EDIT: Well, don't use any answers from here. I wrote them all, thinking that Python regular expressions do not have a word boundary marker, and I tried to get around this flaw. Then @Mark Tolonen added a comment that Python has \b as a word boundary marker! So I posted another answer, short and simple, using \b . I will leave this here if someone is interested in finding solutions that work around the lack of \b , but I really don't expect anyone to be.
It is easy to make a regular expression that matches only the string of a specific character set. What you need to use is a “character class” with only those characters that you want to match.
I will do this example in English.
[ocat] This is a character class that will correspond to one character from the set [o, c, a, t] . The order of characters does not matter.
[ocat]+ Putting + at the end makes it match one or more characters from the set. But this alone is not enough; if you had the word “trainer,” that would match and return “coac.”
Unfortunately, there is no regular expression function for the dictionary boundary. [EDIT: This turns out to be wrong, as I said in the first paragraph.] We need to make one of ours. There are two possible beginnings of a word: the beginning of a line or a space separating our word from the previous word. Similarly, there are two possible ends of words: the end of a line or a space separating our word from the next word.

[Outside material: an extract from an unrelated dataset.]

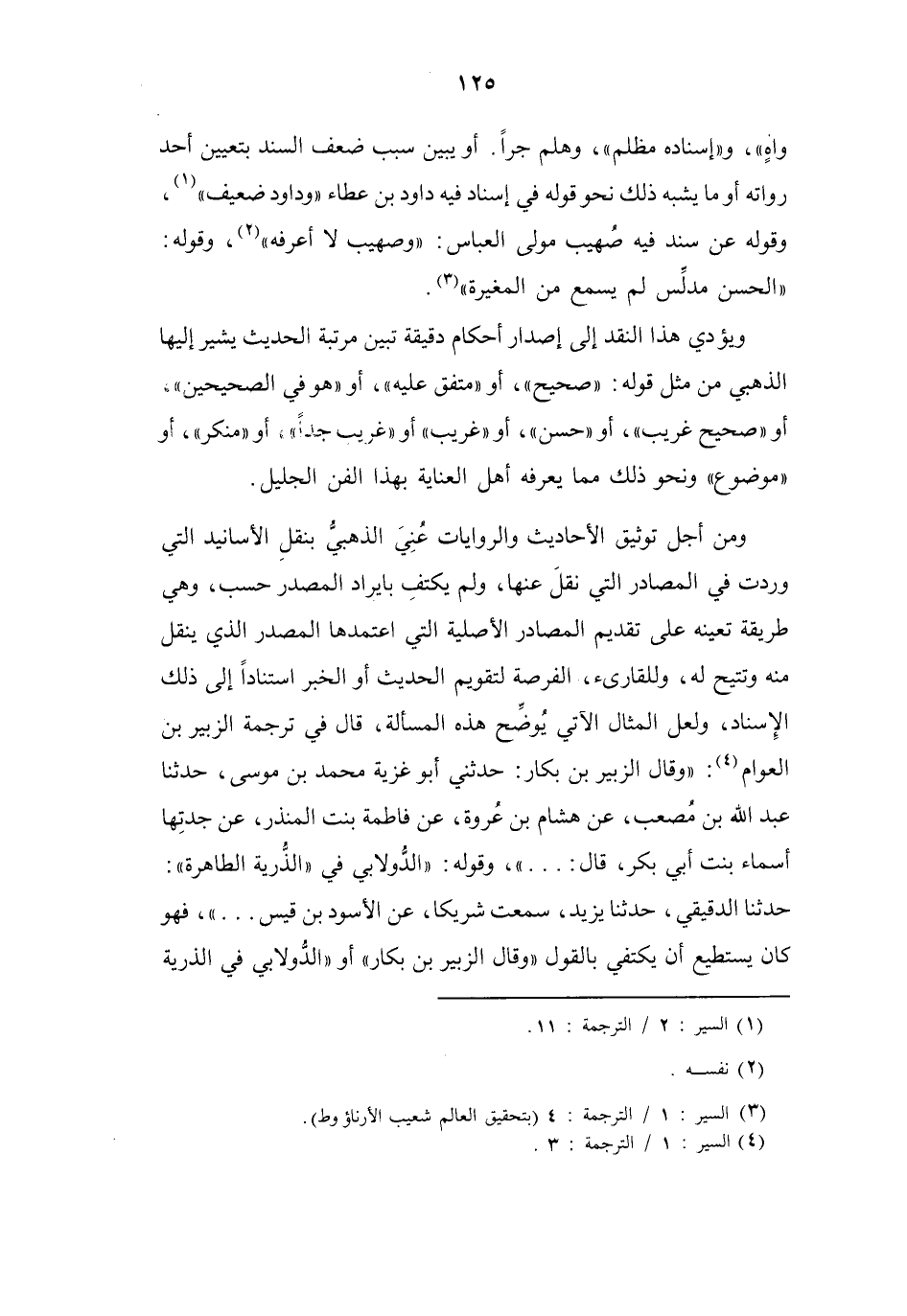 ومن أجل توثيق الأحاديث والروايات عني الذهبي بنقل الأسانيد التي وردت في المصادر التي نقل عنها، ولم يكتف بإيراد المصدر حسب، وهي طريقة تعينه على تقديم المصادر الأصلية التي اعتمدها المصدر الذي ينقل منه وتتيح له، وللقارئ، الفرصة لتقويم الحديث أو الخبر استنادا إلى ذلك الإسناد، ولعل المثال الآتي يوضح هذه المسألة، قال في ترجمة الزبير بن العوام (4) : " وقال الزبير بن بكار: حدثني أبو غزية محمد بن موسى، حدثنا عبد الله بن مصعب، عن هشام بن عروة، عن فاطمة بنت المنذر، عن جدتها أسماء بنت أبي بكر، قال:.."، وقوله: " الدولابي في " الذرية الطاهرة ": حدثنا الدقيقي، حدثنا يزيد، سمعت شريكا، عن الأسود بن قيس.."، فهو كان يستطيع أن يكتفي بالقول " وقال الزبير بن بكار " أو " الدولابي في الذرية

Since we will be matching some additional things that we don’t need, we can put parentheses around the part of the template that we want.
To match the two alternatives, we can create a group in parentheses and separate the alternatives with a vertical bar. Python regular expressions have a special designation for creating a group whose contents we do not want to save: (?:)
So, here is the pattern corresponding to the beginning of the word. Beginning of a line or space: (?:^|\s)
Here is an example of the end of a word. White space or end of line: `(?: \ S | $)
Putting it all together, here is our final template:
(?:^|\s)([ocat]+)(?:\s|$)
You can build it dynamically. You do not need to hard code it all.
import re s_pat_start = r'(?:^|\s)([' s_pat_end = r']+)(?:\s|$)' set_of_chars = get_the_chars_from_somewhere_I_do_not_care_where()
Now this in no way checks the correct words. If you have the following text:
This is sensible. This not: occo cttc
The sample I showed you will match occo and cttc , and these are not words. These are strings made only from the letters [ocat] , though.
So just do the same with Unicode strings. (If you are using Python 3.x, then all the strings are Unicode strings, so you go.) Put the Tamil characters in the character class and you will go well.
This has a confusing problem: re.findall() does not return all possible matches.
EDIT: Okay, I realized that bothers me.
We want our template to work with re.findall() so that you can collect all the words. But re.findall() finds only non-overlapping patterns. In my example, re.findall() returned only ['occo'] , not ['occo', 'cttc'] , as I expected ... but this is because my template matched the space after occo . The group of matches did not collect a space, but was matched anyway, and since re.findall() did not want a match between matches, the space was "used" and did not work for cttc .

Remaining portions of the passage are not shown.